Particle physicists hope the upgrades will help them discover a new fundamental force of nature, to add to the four basic forces – gravitational, electromagnetic, strong, and weak – and help explain the underpinnings of the universe.
Another hope is that the resumption of collisions will help in the quest for so-called ‘dark matter’ that lies beyond the visible universe and makes up most of the matter in the known universe, according to researchers.
CERN operates the Large Hadron Collider, the world’s largest and most powerful particle accelerator (pictured) famous for its 2012 discovery of the Higgs Boson
THE LARGE HADRON COLLIDER
The Large Hadron Collider (LHC) is the world’s largest and most powerful particle accelerator.
It is located in a 27-kilometer (16.8-mile) tunnel beneath the Swiss-French border.
The LHC started colliding particles in 2010. Inside the 27-km LHC ring, bunches of protons travel at almost the speed of light and collide at four interaction points.
Inside the accelerator, two high-energy particle beams travel at close to the speed of light before they are made to collide. The beams travel in opposite directions in separate beam pipes.
They are guided around the accelerator ring by a strong magnetic field maintained by superconducting electromagnets.
The electromagnets are built from coils of special electric cable that operates in a superconducting state, efficiently conducting electricity without resistance or loss of energy.
These collisions generate new particles, which are measured by detectors surrounding the interaction points.
By analysing these collisions, physicists from all over the world are deepening our understanding of the laws of nature.
Potential pitfalls facing the startup team included the discovery of an obstruction, and the shrinking of materials due to a nearly 300 degree temperature swing.
They also faced the chance of developing difficulties with thousands of magnets that help keep billions of particles in a tight beam as they circle the collider tunnel beneath the Swiss-French border.
Steerenberg said the system had to work ‘like an orchestra,’ explaining that ‘in order for the beam to go around all these magnets have to play the right functions and the right things at the right time.’
On Friday, particles were pushed through the collider’s almost 17-mile ring for the first time since December 2018.
However, it will take six to eight weeks for the LHC to get up to full speed, at which point proton collisions can take place again.
Head of Cern’s Beams department, Rhodri Jones, said: ‘These beams circulated at injection energy and contained a relatively small number of protons.
‘High-intensity, high-energy collisions are a couple of months away.
‘But first beams represent the successful restart of the accelerator after all the hard work of the long shutdown.’
The batch of LHC collisions observed at CERN between 2010-2013 brought proof of the existence of the long-sought Higgs boson particle.
Along with its linked energy field, this particle is thought to be vital to the formation of the universe after the Big Bang 13.7 billion years ago.
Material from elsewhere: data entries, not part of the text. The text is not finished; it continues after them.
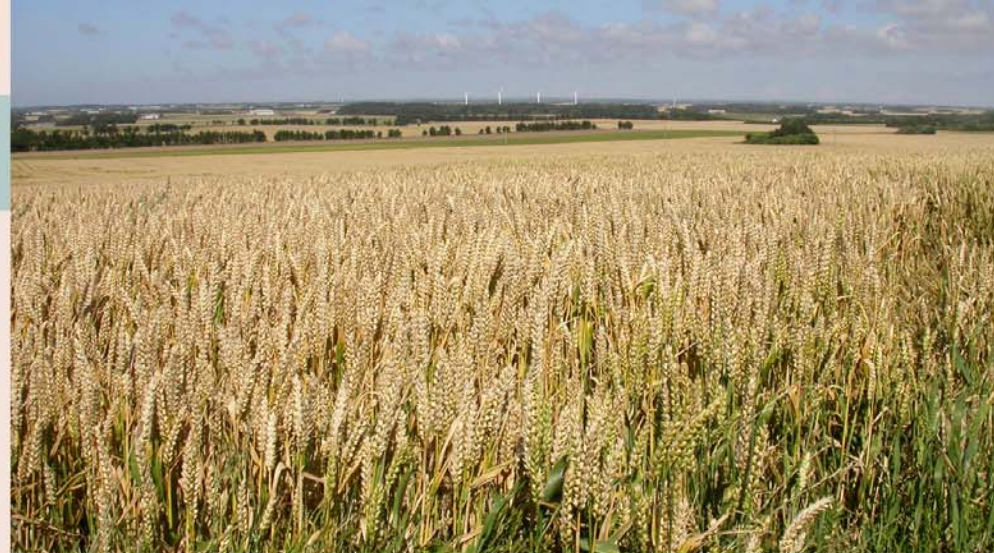
Uitgestrekte graanvelden in Noord-Jutland

► Dit symbool verwijst naar de uitneembare kaart
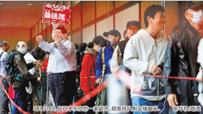
5月31日,在日本东京的一家超市,顾客排队购买储备米。
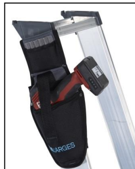
Чанта за безжичен винтоверт
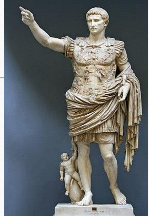
Augusto di Prima Porta. 1. век н.е. Musei Vaticani, Ватикан
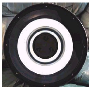
Figura 1: Aspetto degli specchi collimati
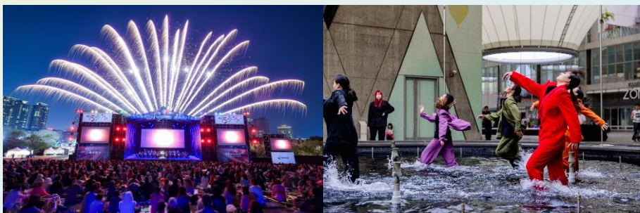
01 高雄春天藝術節 113.2.25-7.14
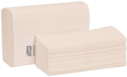
PREM MLTIFLD TWL 1 PLY WHT 12 /250 420580
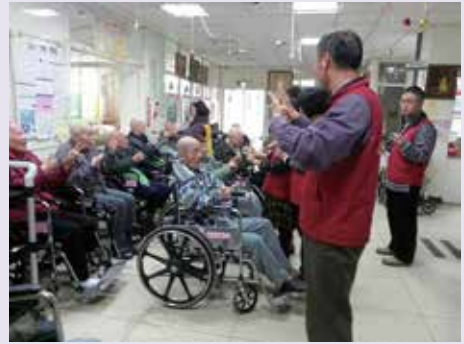
榮欣志工雲林榮家團康活動（102.8）。

本處榮欣志工除平時定期訪視榮民（眷），並結合青年學子對貧病榮民（眷）協助就醫、居家環境整理外，102-103年度起擴大至榮家服務內住榮民，與雲林榮家共同舉辦「榮欣情、志工愛」活動，每天由志工分別至雲林榮家實施推送服務、陪伴就醫、聊天與內務整理、團康活動及社區半日遊等，使內住榮民能融入社會走入社區，發揮「社區意識」之核心價值，另於平日更發揮資源連結功能，與地方社福團體保持密切連繫，募得物資，致贈縣內清寒榮民（眷），使之脫離生計難以維持之困境。
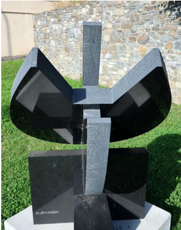
“Cœur ouvert” ou “Croix de cœur”

« le langage non parlé est le fruit silencieux de la quête partagée ».
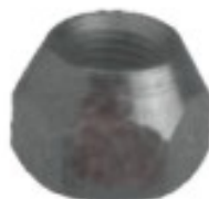
FORJADA NISSAN DATSUN

H16-030 NACIONAL H16-130 IMPORTADA THREAD °2 ROSCA 12X1.25 HEX HEXAGONO: 20 MM HEIGHT ALTURA: 16 MM GALVANIZADA U/E 300
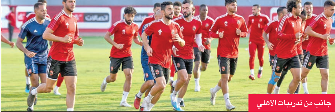
جانب من تدريبات الأهلي

فريق القطن الكامبروني في 17 مارس ضمن الجولة الخامسة.
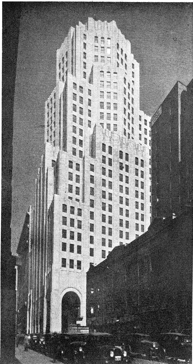
ニユーヨーク市 メトロポリタン 生命保険會社 全 景

D. Everett Waid and Harney Wilay Corbett Associated Architects.
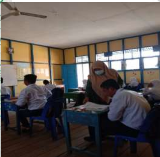
Penulis sedang menyebarkan angket kepada siswa/I
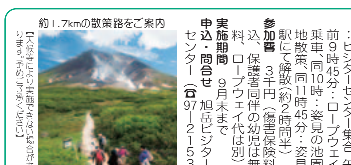
約1.7kmの散策路をご案内

姿見園地をゆく散策 旭岳の姿見園地は、標高千八百という高地ながら、天気が良ければ、旭岳ロープウェイを使って誰でも気軽に行くことができる。道内でも珍しい環境にある高山帯。そんな姿見園地で8～9月に旭岳ビジターセンターが行っているのが「姿見ガイドツアー」。ネイチャーガイドに動植物の解説を聞きながらゆっくり歩くと、新しい発見が待っているはず。この機会に東川の大自然を満喫してみよう！ スケジュール 午前9時15分～：ビジターセンター集合 午前9時45分～：ロープウェイ乗車、同10時：姿見の池園地散策、同11時45分：姿見駅にて解散(約2時間半) 参加費 3千円(傷害保険料込、保護者同伴の幼児は無料、ロープウェイ代は別) 実施期間 9月末まで 申込・問合せ 旭岳ビジターセンター ☎97-2153
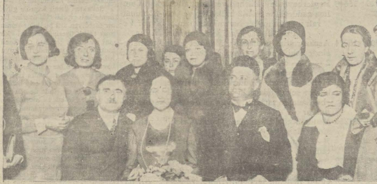
Kadınlar birliği konferansında, konservatuar talebesi tarafından da konser verilmiştir.
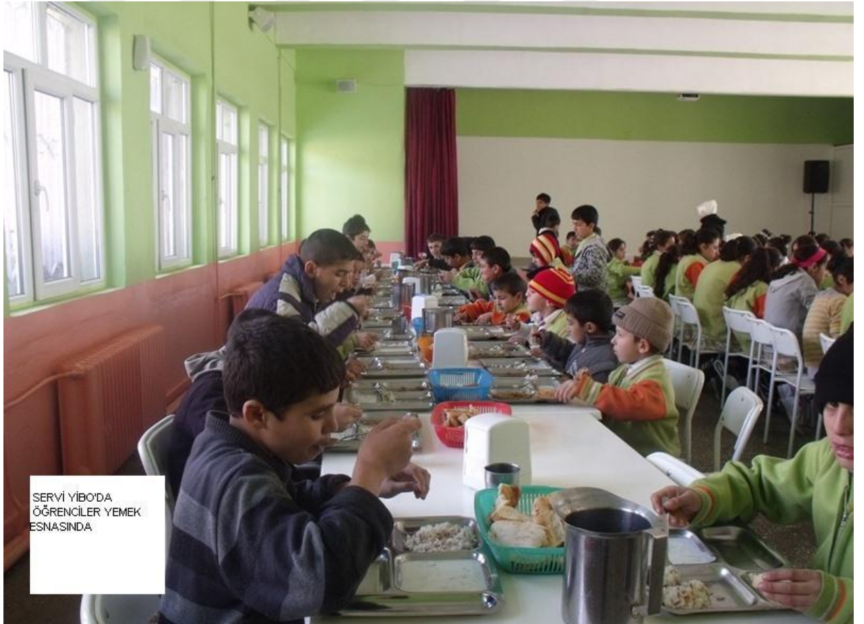
SERVİ YIBO'DA ÖĞRENCİLER YEMEK ESNASINDA.
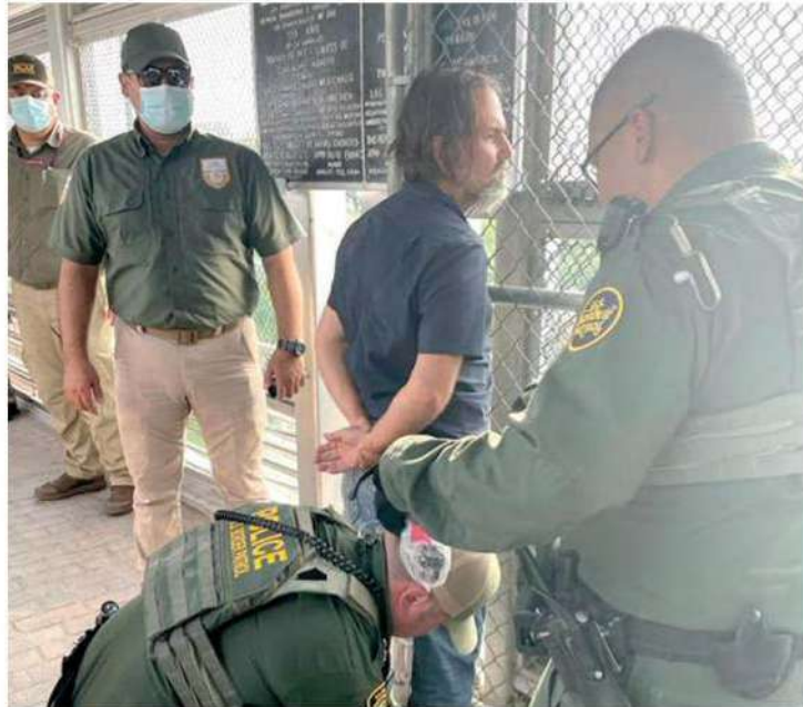
Fue puesto a resguardo
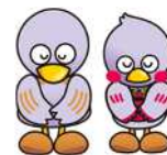
埼玉県マスコット 「コバトン」「さいたまっち」
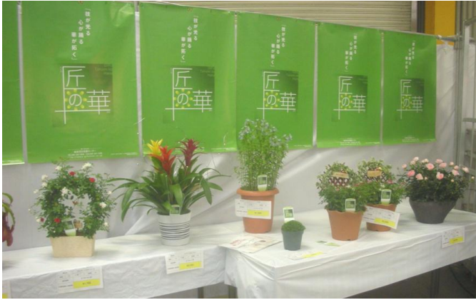
＜「匠の華」の展示紹介コーナー＞
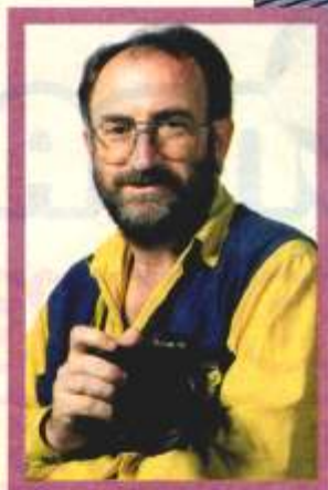
Vicente Viola, fotógrafo urbano
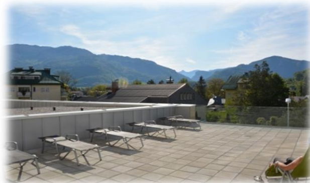
Blick von der Patiententerasse

Bis voraussichtlich Ende 2016 wird die HerzReha Bad Ischl generalsaniert und erweitert, was zu leichten Einschränkungen für die Patientinnen und Patienten führen kann. Nach Fertigstellung der zweiten Bauetappe konnte Anfang Mai der erste Zubau mit dem neuen Hallenbad, Sauna und Turnsaal der Bestimmung übergeben werden.

But plenty remains to be discovered by particle physicists, and the upgrades will allow them to peer deeper into the hidden quantum realm than ever before.
It will also potentially help in the discovery of the underpinnings of the larger universe, by allowing for an understanding of dark matter.
Dark matter is thought to be five times more prevalent than ordinary matter but does not absorb, reflect or emit light. Searches have so-far come up empty-handed.
‘We are going to increase the number of collisions drastically and therefore the probability of new discoveries also,’ said Steerenberg, who added that the collider was due to operate until another shutdown from 2025-2027.
The LHC first went live on 10 September 2008, and despite a few glitches taking it offline, everything it has discovered has fallen in line with the standard model.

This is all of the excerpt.